Can you manage a low 'E'? That's 3 octaves below middle C…

Can you manage a low 'E'? That's 3 octaves below middle C…

main

norman lebrecht

February 03, 2012

If you can, Decca want to hear from you. Will-and-Kate wedding composer Paul Mealor has written something that goes right off the scale and needs a latterday Chaliapin to bring it off. Please do not try this at home.

Read on here.

Comments

  • Emil Archambault says:

    That’s about an octave and a half lower than my lowest note…a G/A…

  • Yaroslav says:

    http://www.primefan.ru/stuff/music/zvon.mp3

    Here at 3:59 you can hear really good Russian E1 which Decca calls for.
    The soloist is Yuri Vishnyakov, he lives in Moscow.

  • Snowfire says:

    Vladimir Miller (for sure, I’ve heard him do E1)
    Fernando Araujo (maybe)
    Campbell Vertesi (maybe)
    Mikhail Kruglov (maybe)

    These two are retired , but they used to sing notes like this:

    Vladimir Pasyukov
    Mikhail Zlatopolsky

    You probably want several guys doubling this note if performed in any sizable space. It’s hard to project solo.

  • May be it will be interesting for you.
    Thanks. Sorry for my English…
    Yours faithfully – Vitaly.

  • John Varhula says:

    I think i hit the note not sure, submitted my entry anyway. Hopefully i did.

  • Mike Begley says:

    Someone might want to make the chaps at Decca aware that, at standard A=440 tuning, that e is 41.203 Hz. There are few speaker systems that will reproduce that frequency with any accuracy – it would really require the use of a subwoofer. And, played through an iPod or some such device, it will essentially be inaudible – and if audible it would be significantly distorted.

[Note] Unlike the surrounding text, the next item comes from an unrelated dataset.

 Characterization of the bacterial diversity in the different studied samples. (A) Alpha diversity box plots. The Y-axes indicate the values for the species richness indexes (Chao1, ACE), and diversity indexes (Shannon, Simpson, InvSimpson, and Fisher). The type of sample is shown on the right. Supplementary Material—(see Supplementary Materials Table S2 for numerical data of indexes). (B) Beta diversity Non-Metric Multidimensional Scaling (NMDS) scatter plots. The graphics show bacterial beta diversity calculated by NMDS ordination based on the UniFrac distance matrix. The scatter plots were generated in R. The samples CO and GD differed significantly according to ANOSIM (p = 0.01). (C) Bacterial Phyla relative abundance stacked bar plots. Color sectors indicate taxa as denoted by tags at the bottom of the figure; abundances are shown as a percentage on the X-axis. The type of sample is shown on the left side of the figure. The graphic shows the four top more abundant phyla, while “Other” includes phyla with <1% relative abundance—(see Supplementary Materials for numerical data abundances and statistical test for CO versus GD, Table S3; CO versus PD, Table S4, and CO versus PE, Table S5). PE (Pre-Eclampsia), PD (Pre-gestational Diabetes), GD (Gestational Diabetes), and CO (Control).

    The reference I checked online says that sounds below 35 Hz are felt more than truly heard. They might as well incorporate some dog whistles as well!

    Just for the record, I sing down to B1 (61.725 Hz), but truly, anything below the D (73.416 Hz) is not much more than a growl. But I am a baritone and the lowest I need to sing is the D (it’s an optional low note for Tonio in Act 2 of Pagliacci). Maybe a true tiefer bass would be heard below B1, live. But a record producer putting that low a tone in a recording and expecting that it will reproduce anywhere near accurately on general consumer electronics is a great optimist, at the least.